For instance, Mundra will need to raise its container throughput to 4.35 million TEUs (Twenty Feet Equivalent Units) within a year from its current 2.9 million TEUs, to qualify for the relaxation. Adani Ports shares have declined 21 percent in the past year, compared with a 10 percent loss in the benchmark S&P BSE Sensex.

Kirshnapatnam port in Andhra Pradesh, India
Kirshnapatnam port in Andhra Pradesh, India
Photographer: Prashanth Vishwanathan/Bloomberg

Such a stipulation isn’t comforting for Chinta Sasidhar, managing director of Krishnapatnam Port Co., a deepwater facility on India’s eastern coast that has struggled to attract big liners since completing its first phase in 2008.

"A longer window could have been more effective in achieving the objective,” he said, adding his port is “well positioned” to commence transshipment.

The new policy hasn’t pleased local operators either. With costs as much as 40 percent higher for Indian vessels at local ports because of numerous taxes, foreign flags have an advantage, said Anil Devli, chief executive officer of the Indian National Shipowners’ Association.

“It is not going to help anyone -- neither Indian ships nor foreign,” said Mantrana’s Sharma. “The status remains the same as earlier.”
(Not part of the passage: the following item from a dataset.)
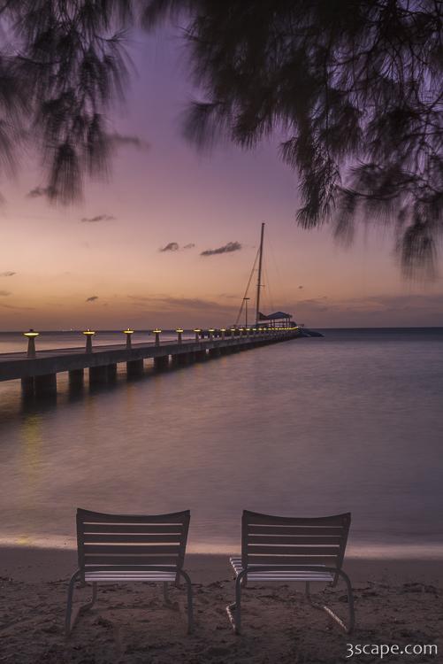 The sun sets on beautiful Grand Cayman island in the Caribbean Sea. This gorgeous view point is from the North Side, at Rum Point Beach. The famous pier stretches to meet a catamaran floating in the North Sound, not far from Stingray City and sand bar. No more perfect place to sit and relax than a couple of beach chairs in the sand, under swaying Australian Pine trees, listening to the calm waters lapping the shore.

In a nation already crippled by infrastructure constraints, inadequate berths and road links have meant reluctant foreign shipping lines balking at the prospect of an average turnaround time of four to five days at various Indian ports, compared with about eight hours in Shanghai.

On top of these bottlenecks, a restrictive policy only adds to the cost of outbound and inbound shipments, deterring economic growth, said Franck Dedenis, managing director at Maersk Line India Pvt. in Mumbai.

Ships handled 68 percent of India’s $786.2 billion trade in 2014, according to latest government data compiled by Bloomberg. The country has 12 major and 187 non-major ports, with cargo traffic recorded at 1,052 million metric tons in 2015, according to the shipping ministry. That compares with 576 million tons for Singapore alone.

“It is certainly advantageous to have such laws when the local shipping industry is robust and also has adequate capacity,” he said in an e-mail response to a query before the notification came out. “Unfortunately, this is not so in India.”

(An earlier version of the story corrected the headquarters of Mediterranean Shipping Co. to Geneva in the second paragraph.)